= Darwin's Bastards =

Science fiction story anthology

First edition
Cover art by Peter Cocking

Darwin's Bastards: Astounding Tales from Tomorrow is a 2010 anthology of dystopian science fiction stories. It was edited by Zsuzsi Gartner, and published by Douglas & McIntyre. All of its stories were written by Canadians.

==Contributors==
- Adam Lewis Schroeder
- Annabel Lyon
- Anosh Irani
- Buffy Cram
- David Whitton
- Douglas Coupland
- Elyse Friedman
- Heather O'Neill
- Jay Brown
- Jessica Grant
- Laura Trunkey
- Lee Henderson
- Mark Anthony Jarman
- Matthew J. Trafford
- Neil Smith
- Oliver Kellhammer
- Pasha Malla
- Paul Carlucci
- Sheila Heti
- Stephen Marche
- Timothy Taylor
- William Gibson
- Yann Martel

==Critical reception==
The Los Angeles Times stated that the stories were of varying degrees of originality, but emphasized that "the quality of writing across the collection is wonderfully high". The Globe and Mail called it "excellent", and CBC Radio ranked it as the best Canadian work of science fiction and fantasy for 2010, while the Georgia Straight described the scenarios in the collection as "dismal", "grim", and "genuinely scarifying", while specifying that the collection as a whole is "riotously enjoyable".

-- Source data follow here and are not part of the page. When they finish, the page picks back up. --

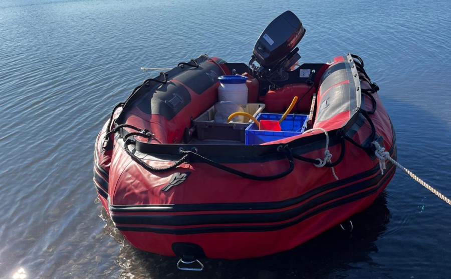 ![]() The boat was waiting for the girls in calm waters with two anchorlines. The front is deflated. | |
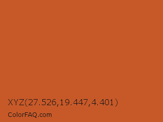 XYZ 27.526,19.447,4.401 Color is a normal orange color and the nearest color is Piper #c96323. Hex code #c75929 and RGB value is rgb(199,89,41). In RGB color space, this color is composed of 78% red, 35% green, 16% blue, In CMYK color space, this color is composed of 0% cyan, 55% magenta, 79% yellow , 22% black , In HSL color space, this color has a hue angle of 18° , 66% saturation and 47% lightness.
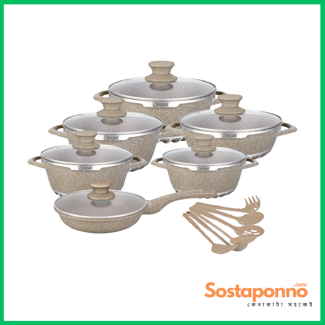 – একসাথে ১৮ পিসের পূর্ণাঙ্গ কুকওয়্যার সেট
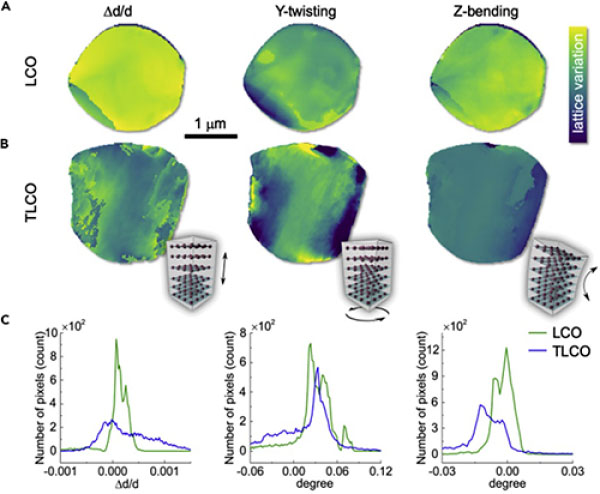 圖3. 未摻雜和Ti-Mg-Al摻雜LiCoO2顆粒內(nèi)部結(jié)構(gòu)缺陷分布對比
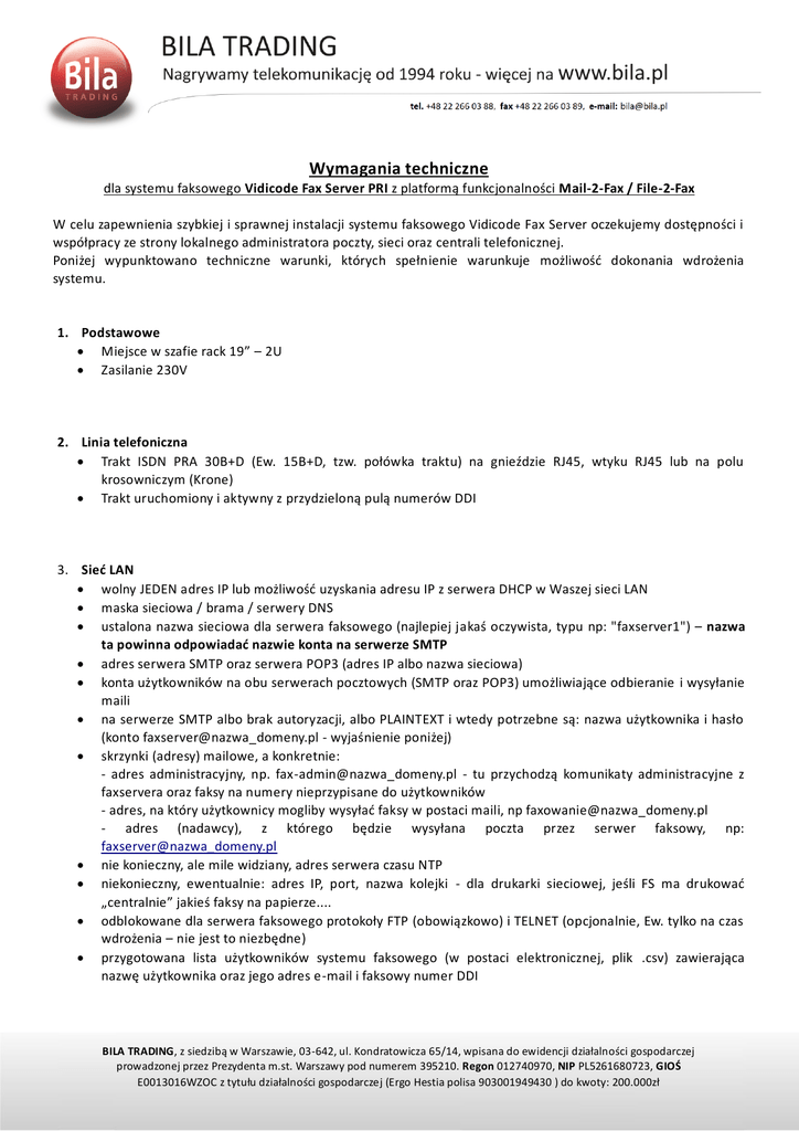 Wymagania techniczne dla systemu faksowego Vidicode Fax Server PRI z platformą funkcjonalności Mail-2-Fax / File-2-Fax W celu zapewnienia szybkiej i sprawnej instalacji systemu faksowego Vidicode Fax Server oczekujemy dostępności i współpracy ze strony lokalnego administratora poczty, sieci oraz centrali telefonicznej. Poniżej wypunktowano techniczne warunki, których spełnienie warunkuje możliwość dokonania wdrożenia systemu. 1. Podstawowe Miejsce w szafie rack 19” – 2U Zasilanie 230V 2. Linia telefoniczna Trakt ISDN PRA 30B+D (Ew. 15B+D, tzw. połówka traktu) na gnieździe RJ45, wtyku RJ45 lub na polu krosowniczym (Krone) Trakt uruchomiony i aktywny z przydzieloną pulą numerów DDI 3. Sieć LAN wolny JEDEN adres IP lub możliwość uzyskania adresu IP z serwera DHCP w Waszej sieci LAN maska sieciowa / brama / serwery DNS ustalona nazwa sieciowa dla serwera faksowego (najlepiej jakaś oczywista, typu np: "faxserver1") – nazwa ta powinna odpowiadać nazwie konta na serwerze SMTP adres serwera SMTP oraz serwera POP3 (adres IP albo nazwa sieciowa) konta użytkowników na obu serwerach pocztowych (SMTP oraz POP3) umożliwiające odbieranie i wysyłanie maili na serwerze SMTP albo brak autoryzacji, albo PLAINTEXT i wtedy potrzebne są: nazwa użytkownika i hasło (konto faxserver@nazwa_domeny.pl - wyjaśnienie poniżej) skrzynki (adresy) mailowe, a konkretnie: - adres administracyjny, np. fax-admin@nazwa_domeny.pl - tu przychodzą komunikaty administracyjne z faxservera oraz faksy na numery nieprzypisane do użytkowników - adres, na który użytkownicy mogliby wysyłać faksy w postaci maili, np faxowanie@nazwa_domeny.pl - adres (nadawcy), z którego będzie wysyłana poczta przez serwer faksowy, np: faxserver@nazwa_domeny.pl nie konieczny, ale mile widziany, adres serwera czasu NTP niekonieczny, ewentualnie: adres IP, port, nazwa kolejki - dla drukarki sieciowej, jeśli FS ma drukować „centralnie” jakieś faksy na papierze.... odblokowane dla serwera faksowego protokoły FTP (obowiązkowo) i TELNET (opcjonalnie, Ew. tylko na czas wdrożenia – nie jest to niezbędne) przygotowana lista użytkowników systemu faksowego (w postaci elektronicznej, plik .csv) zawierająca nazwę użytkownika oraz jego adres e-mail i faksowy numer DDI BILA TRADING, z siedzibą w Warszawie, 03-642, ul. Kondratowicza 65/14, wpisana do ewidencji działalności gospodarczej prowadzonej przez Prezydenta m.st. Warszawy pod numerem 395210. Regon 012740970, NIP PL5261680723, GIOŚ E0013016WZOC z tytułu działalności gospodarczej (Ergo Hestia polisa 903001949430 ) do kwoty: 200.000zł 4. Platforma funkcjonalności Mail-2-Fax Platforma może być zaimplementowana zarówno na fizycznym komputerze/serwerze jak i na maszynie wirtualnej. OS: Windows XP (od Home), Windows 7 (od Home Premium wzwyż), Windows Server od 2003 wzwyż. Zarówno wersje 32-bit, jak i 64-bit mogą być stosowane. Microsoft Office: generalnie dowolny, natomiast rekomendowany jest Office w najwyższej edycji, jaka może być gdzieś/u kogoś z użytkowników zainstalowana. Na dzień dzisiejszy, najlepszym wyborem jest wersja 2010. Zarówno wersje 32-bit jak i 64-bit mogą być stosowane. minimum dwurdzeniowy procesor Intel minimalne taktowanie procesora: 1,8GHz minimalna ilość pamięci RAM: 2GB (dla wersji 64bit: 4GB). konto administracyjne na czas instalacji konto użytkownika do startowania usługi FSEmail ustalone (zdefiniowane, wybrane) rodzaje załączników jakie użytkownicy będą mogli przesyłać mailem do przefaksowania, np. pdf, jpg, doc, xls ... itp. udostępnienie aplikacji niezbędnych do obsługi specyficznych załączników do maili, które mają być wysłane faksem leży po stronie Klienta (np. Microsoft Office) 5. Platforma funkcjonalności File-2-Fax Funkcjonalność File-2-Fax realizowana jest przez tę samą platformę, co funkcjonalność Mail-2-Fax, zatem wymagania są dokładnie identyczne, a dodatkowo: Katalog w sieci LAN udostępniony do zapisu dla uprawnionych do korzystania z funkcjonalności użytkowników 6. Synchronizacja użytkowników systemu faksowego z Active Directory Sprawdzanie uprawnień użytkowników systemu faksowego w bazie AD oraz synchronizacja bazy użytkowników systemu faksowego z AD wymaga platformy FSEmail (opisana w punkcie 4. powyżej). Dodatkowo, w zależności od oczekiwań Klienta oraz wielkości bazy AD i ilości użytkowników potrzebne może okazać się stworzenie specjalnej grupy w AD (np. faxgroup), w której członkostwo będzie warunkiem posiadania przez użytkowników uprawnień do usług faksowych. Jeśli dostęp do LDAP wymaga logowania niezbędne będą: domena/nazwa użytkownika oraz hasło do logowania Każdy z użytkowników, który ma mieć prawo wysyłania faksów z prezentacją własnym numerem DDI musi mieć przypisany numer DDI Każdy z użytkowników, który ma mieć prawo odbierania faksów na swojej skrzynce e -mail, musi mieć przypisany numer DDI oraz adres e-mail Użytkownicy, którzy mają mieć prawo do faksowania „anonimowego” (z głównym numerem puli DDI) mogą nie mieć zdefiniowanego numeru DDI, ale również muszą być członkami wspomnianej grupy w AD (faxgroup). Kilku użytkowników może mieć przypisany ten sam numer DDI w bazie AD. W takiej sytuacji wszyscy Ci użytkownicy będą otrzymywać na swoje skrzynki e-mail faksy odebrane na tym właśnie numerze. Wszyscy też będą wysyłać faksy z użyciem tego samego numeru DDI jako prezentacji i ewentualnie takim samym identyfikatorem faksowym FAX-ID BILA TRADING, z siedzibą w Warszawie, 03-642, ul. Kondratowicza 65/14, wpisana do ewidencji działalności gospodarczej prowadzonej przez Prezydenta m.st. Warszawy pod numerem 395210. Regon 012740970, NIP PL5261680723, GIOŚ E0013016WZOC z tytułu działalności gospodarczej (Ergo Hestia polisa 903001949430 ) do kwoty: 200.000zł
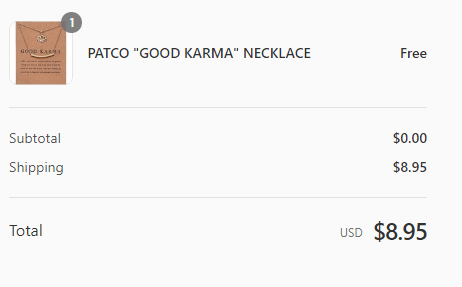 But the necklaces, which it claims are valued at $29.95, are each on "sale" for zero dollars. That's right, they're free—plus shipping. The Daily Dot put in address information for locations on opposite coasts of the United States and each time shipping for the delicate lead-tin-alloy necklaces was calculated at $8.95.

Quill and Quire, however, criticized Gartner's editorial decision to mostly exclude science fiction authors with genre experience in favor of primarily literary contributors, stating that many of the collection's "futuristic and dystopian speculations hang suspended like colloids in slack, unformed narratives", and observing that the contributors seem to "have not read very widely in the genre", with the result that many of the scenarios portrayed "feel second-hand at best". Similarly, Geist concluded that "(m)any of the stories (...) try too hard", and that "(t)he quality and originality vary wildly".